La directive noindex est l’un des contrôles techniques SEO les plus directs disponibles. Elle dit à Googlebot : « crawle cette page si tu le souhaites, mais ne l’ajoute pas à l’index et ne l’affiche pas dans les résultats. » Contrairement au robots.txt qui bloque le crawl, le noindex autorise le robot à accéder à la page tout en empêchant son apparition dans les SERPs.

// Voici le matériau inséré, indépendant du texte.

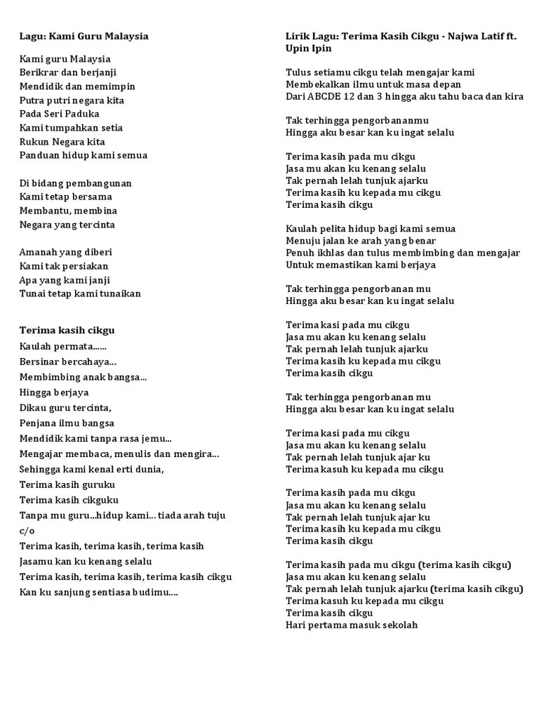 Lirik tulus setiamu cikgu telah mengajar kami membekalkan ilmu untuk masa depan dari abcde 12 dan 3 hingga aku tahu baca dan kira tak terhingga pengorbananmu. Explore the latest videos from hashtags: Najwa latiff feat upin ipin terima kasih . Explore the latest videos from hashtags: Pantun terima kasih kepada cikgu. Discover short videos related to lagu upin ipin terima kasih cikgu lirik on tiktok.
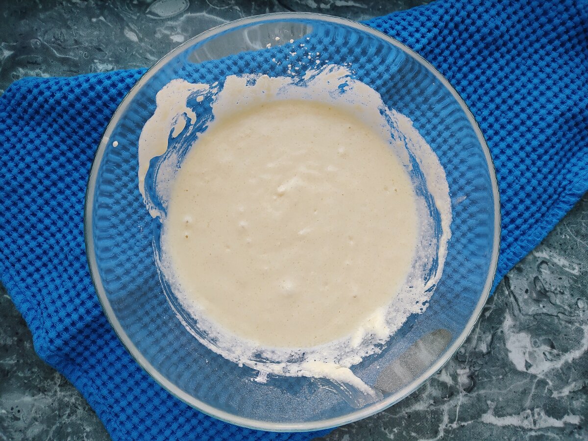 2. К сухой смеси вливаем растительное масло без запаха и воду. Перемешиваем и оставляем на 10–15 минут.
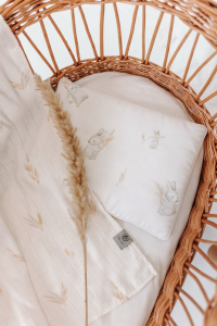 Zestaw do gondoli i kosza Mojżesza: podusia bambusowa i otulacz muślinowy Kłosy 120/120 - Królicza Wioska
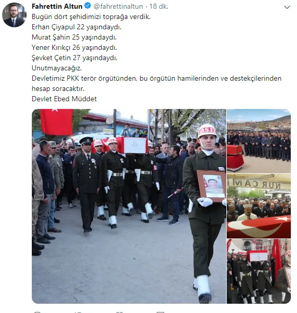 Altun, Twitter hesabından, Türkiye-Irak sınır hattında teröristlerle çıkan çatışmada dört askerin şehit olmasına ilişkin paylaşımda bulundu.
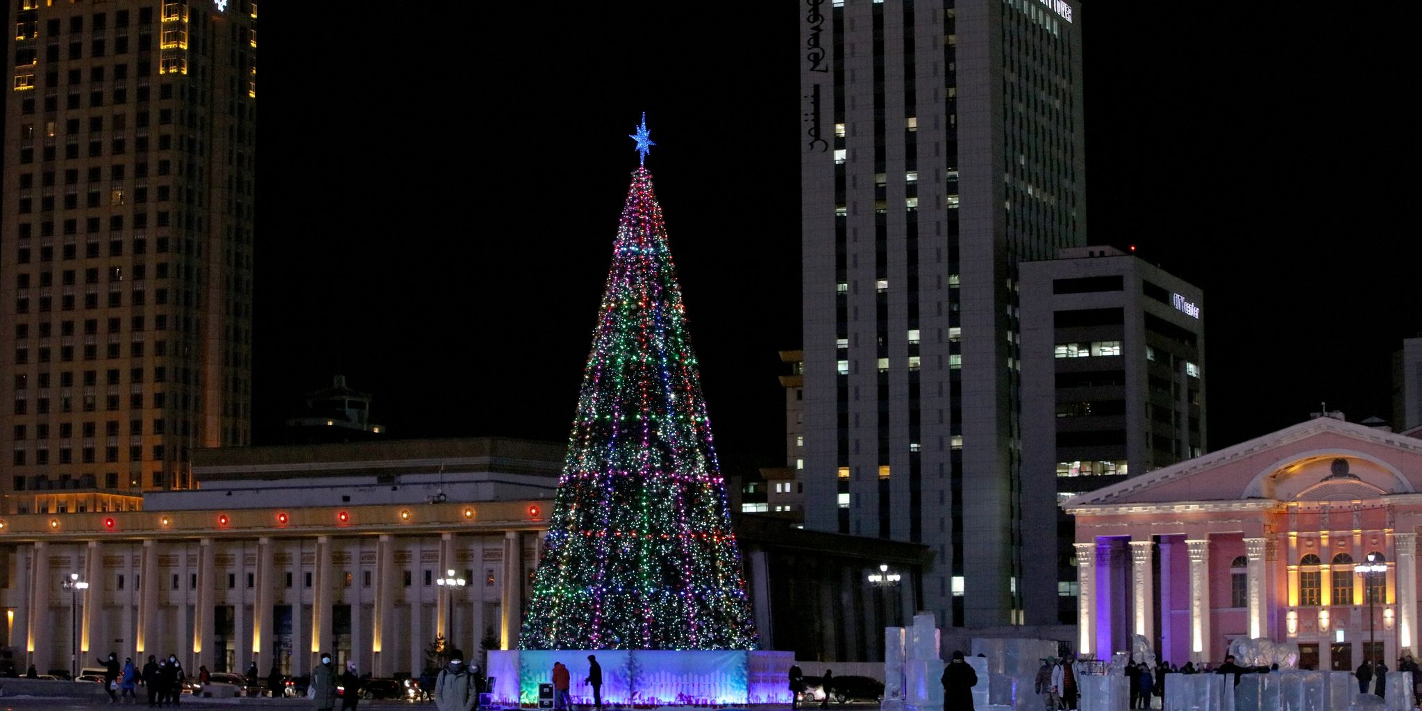 | Төв талбайн сүлд модны гэрлийг асаалаа |
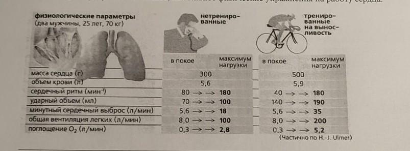 9.Рассмотрите рисунок. Объясните, как влияют физические упражнения на работу сердца.

Les deux méthodes d’implémentation
La méthode la plus courante est la balise meta robots dans le head HTML : <meta name="robots" content="noindex">. L’alternative est un en-tête HTTP X-Robots-Tag, qui fonctionne pour toute URL y compris les ressources non-HTML. Les deux sont équivalentes ; la balise meta est plus simple à implémenter pour la plupart des CMS.
Quand utiliser noindex
Noindex est l’outil adapté pour les pages sans valeur de recherche organique : pages de connexion, espaces d’administration, résultats de recherche interne, pages de remerciement, variantes de contenu dupliqué, pages de pagination de faible valeur. Exclure ces pages de l’index améliore les signaux de qualité globaux du site et concentre le budget de crawl sur les pages importantes.
Les erreurs courantes avec noindex
L’erreur la plus dévastatrice est d’appliquer noindex sur une page également bloquée par robots.txt. Si Googlebot ne peut pas accéder à la page, il ne peut pas lire la directive noindex, et la page peut rester indexée indéfiniment depuis son dernier crawl. Une autre erreur fréquente : laisser noindex sur des pages après le lancement du site — une directive de phase de développement oubliée en production.